*To do*
Write out the listing below character for character, though without its pictures.

+++ Data for analysis +++

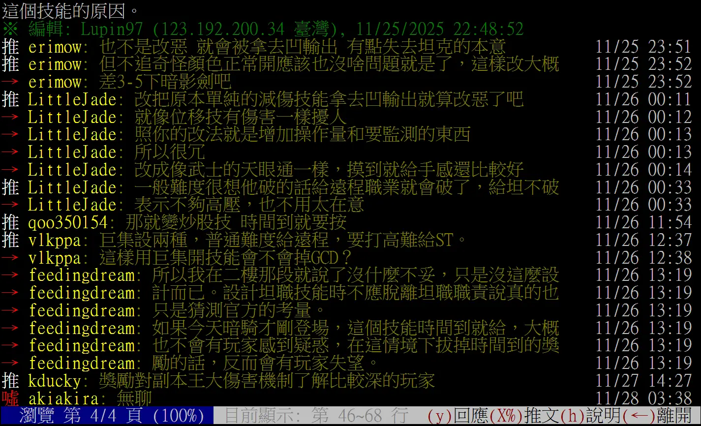 → Lupin97: 12月2日回頭看了一下留言並刪除無意義亂板推文,現在12月 12/15 19:48
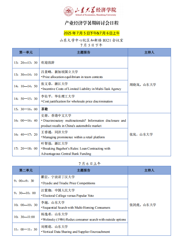 产业经济学暑期研讨会
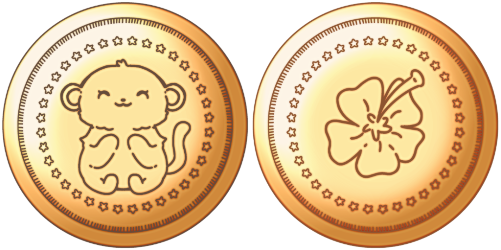Внешний вид жетонов. Передняя сторона с мартышкой, а задняя с цветком.
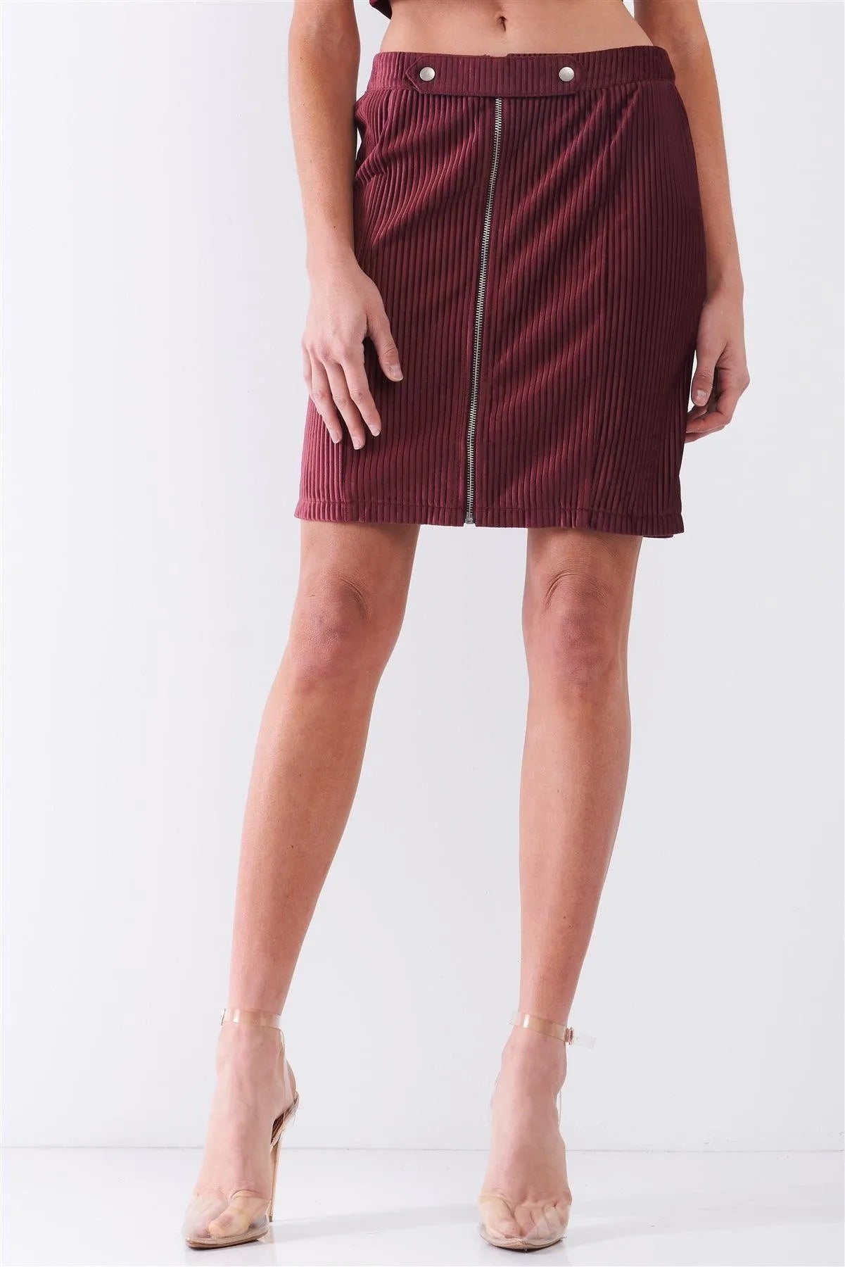 Plum Velvet Ribbed High Waist Front Zip-Up Detail Tight Mini Skirt /1-2-2-1
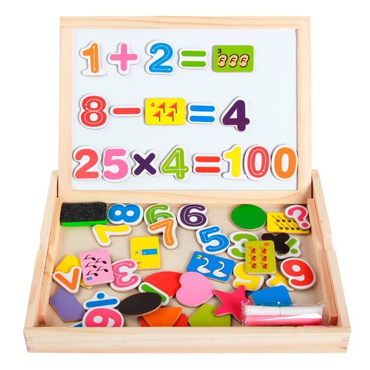 Деревянная досточка с деревянными магнитными цифрами и знаками, геометрическими фигурами. Универсальный набор для знакомства с фигурами и, цифрами. На досточке можно рисовать или писать маркером (идет в комплекте).
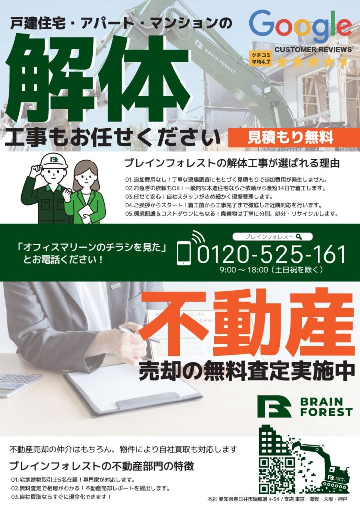 信頼できる解体専門業者「株式会社ブレインフォレスト」様と提携いたしました。

+++

*Answer section*
 → Lupin97: 12月2日回頭看了一下留言並刪除無意義亂板推文,現在12月 12/15 19:48
 产业经济学暑期研讨会
Внешний вид жетонов. Передняя сторона с мартышкой, а задняя с цветком.
 Plum Velvet Ribbed High Waist Front Zip-Up Detail Tight Mini Skirt /1-2-2-1
 Деревянная досточка с деревянными магнитными цифрами и знаками, геометрическими фигурами. Универсальный набор для знакомства с фигурами и, цифрами. На досточке можно рисовать или писать маркером (идет в комплекте).
 信頼できる解体専門業者「株式会社ブレインフォレスト」様と提携いたしました。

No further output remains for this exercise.